____ SOURCE DATA
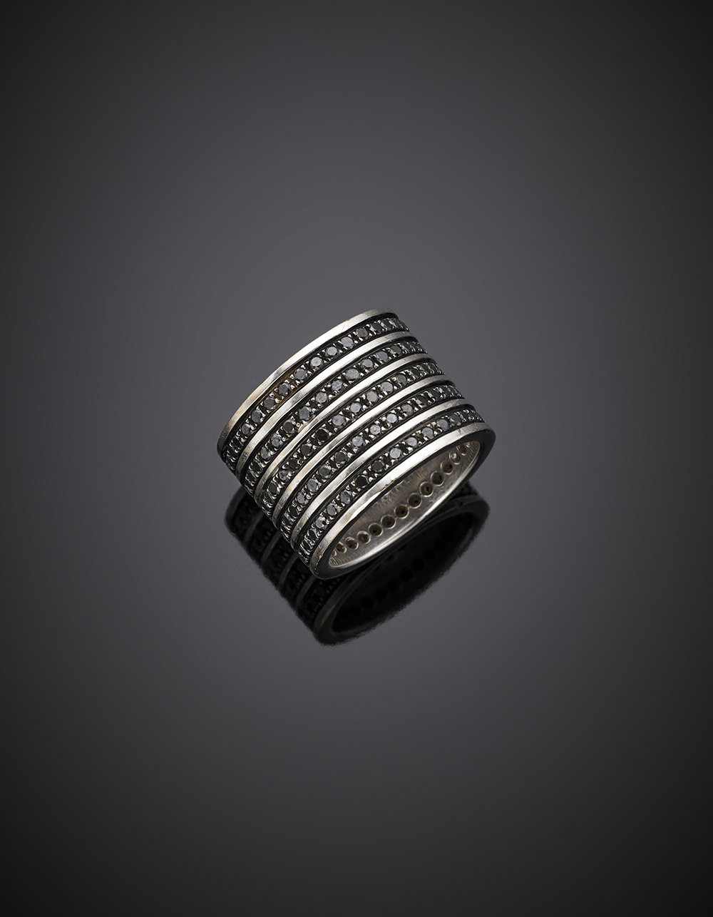 Anello in oro bianco a cinque fasce di diamanti neri per complessivi ct. 1,80 circa.
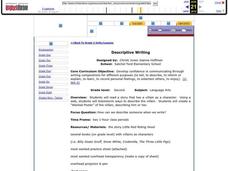 Young scholars explore the five senses and how to incorporate them into their writing to make it come to life. In this descriptive writing lesson, students must describe objects by touching them without seeing, and describe...
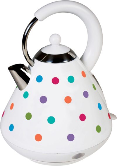 The KitchenOriginals Classic Bright Spot Kettle is hand printed with a contemporary polka dot design. Drawing influence from the traditional styles of a vintage kitchen and combining this design with on-trend colour palettes, this unique appliance is made from high quality stainless steel with a powerful fast boil heating element. 3 kW. 1.7 litre capacity. Rapid boil. Boil dry protection - automatically switches off when the kettle is empty. Removable and washable limescale filter. Pull off lid. 360 degree base.
________
## TRY IT
Produce the data again character for character, with the images left out.

## ANSWER BELOW
 Anello in oro bianco a cinque fasce di diamanti neri per complessivi ct. 1,80 circa.
 Young scholars explore the five senses and how to incorporate them into their writing to make it come to life. In this descriptive writing lesson, students must describe objects by touching them without seeing, and describe...
 The KitchenOriginals Classic Bright Spot Kettle is hand printed with a contemporary polka dot design. Drawing influence from the traditional styles of a vintage kitchen and combining this design with on-trend colour palettes, this unique appliance is made from high quality stainless steel with a powerful fast boil heating element. 3 kW. 1.7 litre capacity. Rapid boil. Boil dry protection - automatically switches off when the kettle is empty. Removable and washable limescale filter. Pull off lid. 360 degree base.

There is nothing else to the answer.